(Activity):
Set down every record below exactly as it stands, leaving out the pictures.

[Stored items from a collection]
-- Opening Marker --

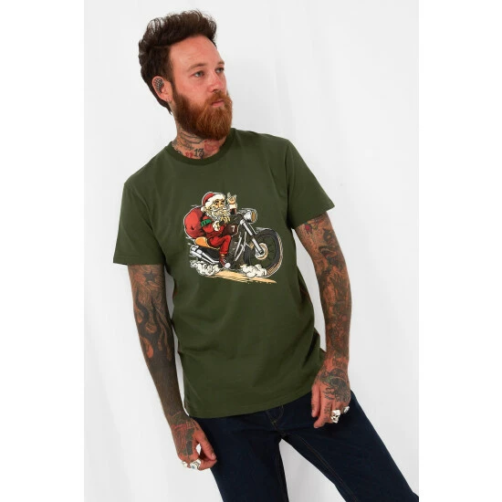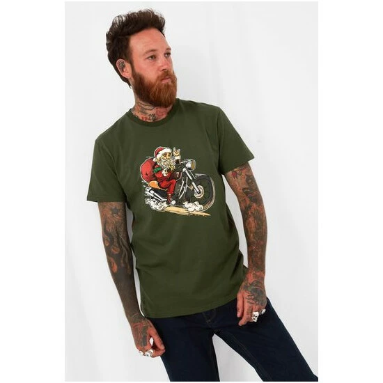 Drive home for Christmas in this fun tee, and you’ll be full of festive cheer. In a versatile khaki colour that pairs perfectly with jeans, joggers or trousers, it’s the awesome Santa print that’ll have you rushing back to that glass of mulled wine and those prezzies under the tree.Approx Length:73cm.
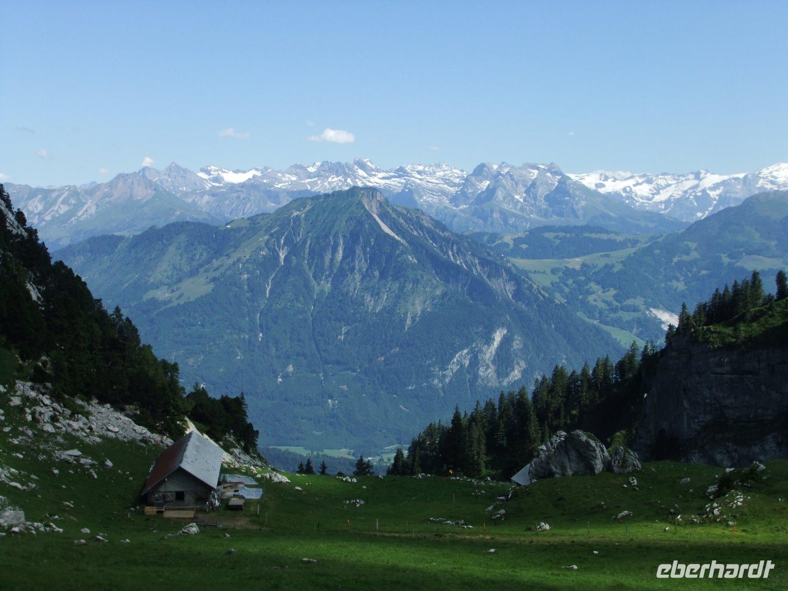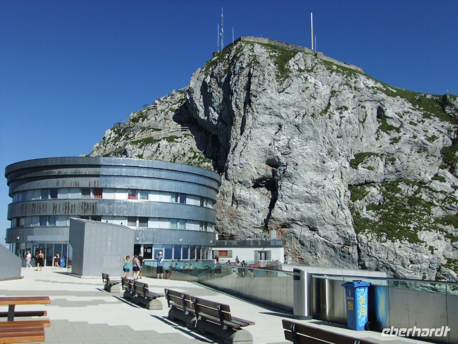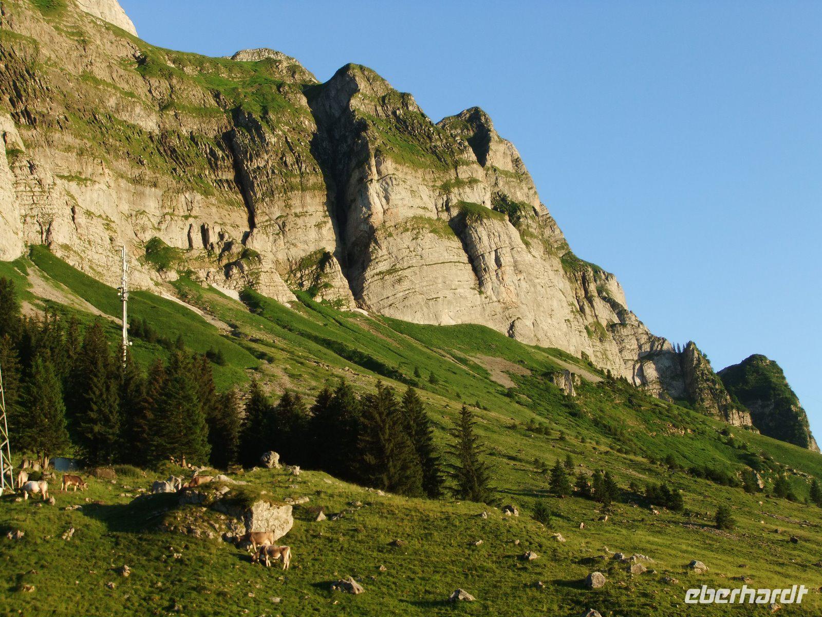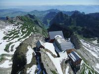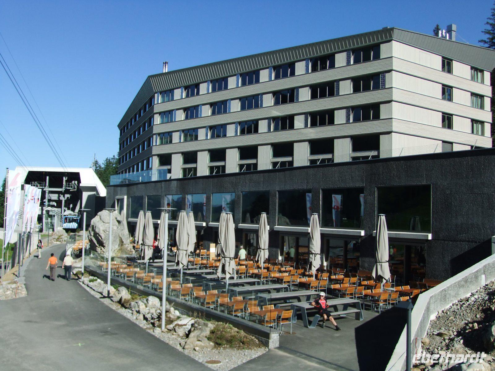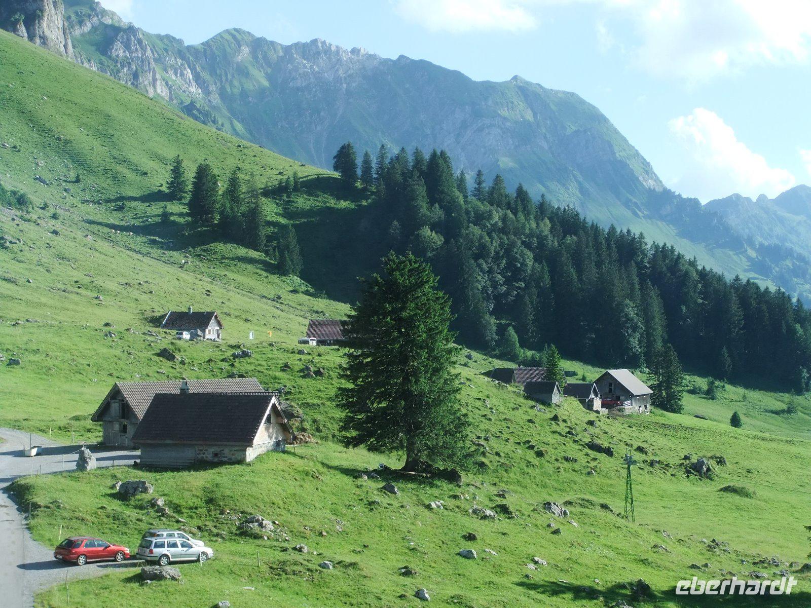 34 Eberhardt-Gäste freuen sich auf eine Reise in die Schweiz. Pünktlich stehen alle an den Zustiegsstellen und anfangs kommen wir auch gut voran. Dann aber, so erfahren wir von Chauffeur Mike, wird ein Stau angekündigt mit 1,5 Stunden Wartezeit. Wir verlassen die Autobahn und fahren durch das Neue Fränkische Seenland und Nördlingen. So erreichen wir fast pünktlich unsere letzte Zustiegsstelle bei Ulm. Von hier geht es weiter nach Lindau, wo ein Tankstopp eingelegt wird. Dann fahren wir durch den Pfändertunnel und durch das Rheintal. Wir sehen an der gegenüberliegenden Talseite das Schloss Vaduz, biegen aber bald ins Toggenburg ab, wo der Skispringer Simon Amman seine Heimat hat. Linkerhand präsentieren sich uns die Gipfel der Churfirsten, rechterhand grüßt bald der Säntis. Nun geht es hinauf zur Schwägalp. Im neuen Hotel auf 1370 m Höhe werden wir schon erwartet. Schnell sind die Zimmer bezogen und bald treffen wir uns zum Abendessen im Restaurant.
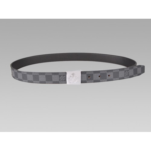 Pasek grafitowy Damier Cut ze srebrną klamrą i ukośnym podpisem Louis Vuitton
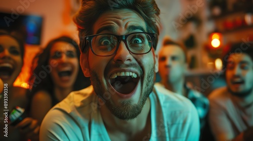 A group of friends laughing and watching something exciting together. A man in the foreground wears glasses and has a surprised expression.
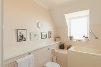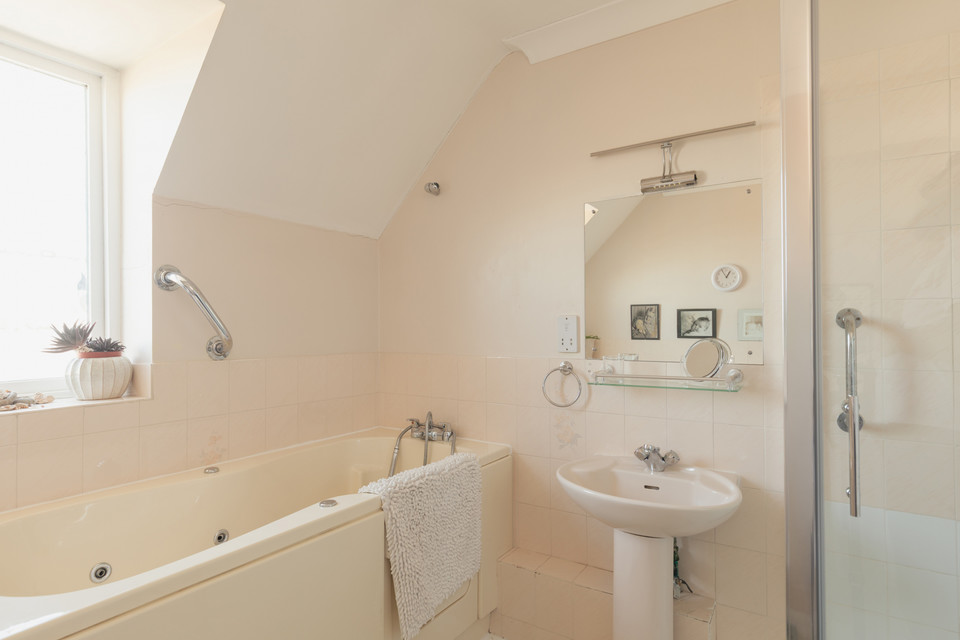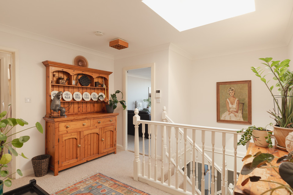 A guest w.c. is next door, and your eat-in kitchen rests off the sizeable landing. The kitchen is lit by a pair of roof lights.

-- Closing Marker --

(Result of the task):
 Drive home for Christmas in this fun tee, and you’ll be full of festive cheer. In a versatile khaki colour that pairs perfectly with jeans, joggers or trousers, it’s the awesome Santa print that’ll have you rushing back to that glass of mulled wine and those prezzies under the tree.Approx Length:73cm.
 34 Eberhardt-Gäste freuen sich auf eine Reise in die Schweiz. Pünktlich stehen alle an den Zustiegsstellen und anfangs kommen wir auch gut voran. Dann aber, so erfahren wir von Chauffeur Mike, wird ein Stau angekündigt mit 1,5 Stunden Wartezeit. Wir verlassen die Autobahn und fahren durch das Neue Fränkische Seenland und Nördlingen. So erreichen wir fast pünktlich unsere letzte Zustiegsstelle bei Ulm. Von hier geht es weiter nach Lindau, wo ein Tankstopp eingelegt wird. Dann fahren wir durch den Pfändertunnel und durch das Rheintal. Wir sehen an der gegenüberliegenden Talseite das Schloss Vaduz, biegen aber bald ins Toggenburg ab, wo der Skispringer Simon Amman seine Heimat hat. Linkerhand präsentieren sich uns die Gipfel der Churfirsten, rechterhand grüßt bald der Säntis. Nun geht es hinauf zur Schwägalp. Im neuen Hotel auf 1370 m Höhe werden wir schon erwartet. Schnell sind die Zimmer bezogen und bald treffen wir uns zum Abendessen im Restaurant.
 Pasek grafitowy Damier Cut ze srebrną klamrą i ukośnym podpisem Louis Vuitton
 A group of friends laughing and watching something exciting together. A man in the foreground wears glasses and has a surprised expression.
 A guest w.c. is next door, and your eat-in kitchen rests off the sizeable landing. The kitchen is lit by a pair of roof lights.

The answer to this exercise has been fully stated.